Toffler, Alvin

Toffler, Alvin

Bio: (1928-2016) American sociologist. Alvin Toffler received a bachelor's degree in English from New York University and had no formal education in the social sciences. However, Toffler became one of the most eminent sociologists and futurologists, which enabled him to be a lecturer at Cornell University and the New School of Social Research. In addition, he conducted paid research for technology companies IBM and Xerox.

Toffler became famous after the publication of his first book, Future Shock (1970), which he wrote with his wife Heidi Toffler. The „future shock“ refers to the psychological state of disorientation and stress, that people and societies experience when radical changes occur in a short period. Toffler believes that people have a limited ability to adapt to social and technological transformations, so the speed of change is the one that causes the greatest negative psychological consequences, and not the direction or orientation of the change. The future shock will only increase over time, as technological and social changes will be even more drastic. The consequences of this process are many: changes in interpersonal relations, increased individual and collective mobility, increased social stratification, and diversity, increased consumption of new goods, and the like. He believed that societies must actively manage these changes because they are taking place at such a speed that individuals and societies cannot manage to adapt to them.

In his book The Third Wave (1980), Toffler continues his research into the consequences of technical and social change. He examines how changes affect the creation of new forms of marriage and family, dramatic changes in the economy, the emergence of new forms of work and entertainment, and possible new forms of democracy.

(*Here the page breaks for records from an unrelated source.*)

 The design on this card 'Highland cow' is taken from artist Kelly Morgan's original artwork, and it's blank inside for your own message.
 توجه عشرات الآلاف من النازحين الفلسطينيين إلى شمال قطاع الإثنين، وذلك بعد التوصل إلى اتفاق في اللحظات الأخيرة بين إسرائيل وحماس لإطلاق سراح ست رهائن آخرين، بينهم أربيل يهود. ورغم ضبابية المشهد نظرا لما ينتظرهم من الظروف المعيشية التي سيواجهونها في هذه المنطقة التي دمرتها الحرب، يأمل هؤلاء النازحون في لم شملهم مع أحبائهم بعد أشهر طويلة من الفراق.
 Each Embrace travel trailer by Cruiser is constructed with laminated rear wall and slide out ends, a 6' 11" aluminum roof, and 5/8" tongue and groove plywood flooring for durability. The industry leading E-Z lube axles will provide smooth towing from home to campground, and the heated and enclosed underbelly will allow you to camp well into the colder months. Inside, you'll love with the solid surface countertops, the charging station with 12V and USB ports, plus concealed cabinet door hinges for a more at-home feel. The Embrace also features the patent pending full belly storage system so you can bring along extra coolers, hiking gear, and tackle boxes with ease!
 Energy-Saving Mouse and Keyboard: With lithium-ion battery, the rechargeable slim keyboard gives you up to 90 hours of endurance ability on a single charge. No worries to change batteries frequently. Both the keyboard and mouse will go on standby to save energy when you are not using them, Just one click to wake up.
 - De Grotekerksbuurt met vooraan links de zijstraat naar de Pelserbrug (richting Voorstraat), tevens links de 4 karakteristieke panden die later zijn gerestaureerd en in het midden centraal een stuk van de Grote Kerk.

In the book, Powershift (1990) Toffler concludes that the global consequences are great, but that the greatest consequences are felt in everyday life, and that in the future the biggest difference will be the ability of those "fast" and "slow" to adapt to rapid change.

The book Revolutionary Wealth (2006) brings Toffler's research into the question of how wealth will be created in the future, who will create it, and how it will be distributed. The wealth of the twenty-first century will not be created in the domain of classical industry, but through many fluid and networked forms of work and education, but also consumption. The concept by which Toffler explains this creation of wealth is "prosumation", a term that represents a combination of the words production and consumption. Toffler uses this concept to describe a situation in which people, through daily activities, produce what they consume themselves and thus perform unpaid work for large corporations. Volunteering, blogging, ordering goods online, and other activities enable the transfer of wealth from the non-monetary to the monetary economy. Toffler predicts that prosumation will increase tremendously in the future, which will introduce many changes in the way we measure, create and manage wealth.

 

Main works

Future Shock (1970);

The Futurists (1972);

Learning for Tomorrow (1974);

The Eco-Spasm Report (1975);

The Third Wave (1980);

Previews & Premises (1983);

The Adaptive Corporation (1985);

Powershift: Knowledge, Wealth and Violence at the Edge of the 21st Century (1990);

Creating a New Civilization (1995);

War and Anti-War (1995);

Revolutionary Wealth (2006).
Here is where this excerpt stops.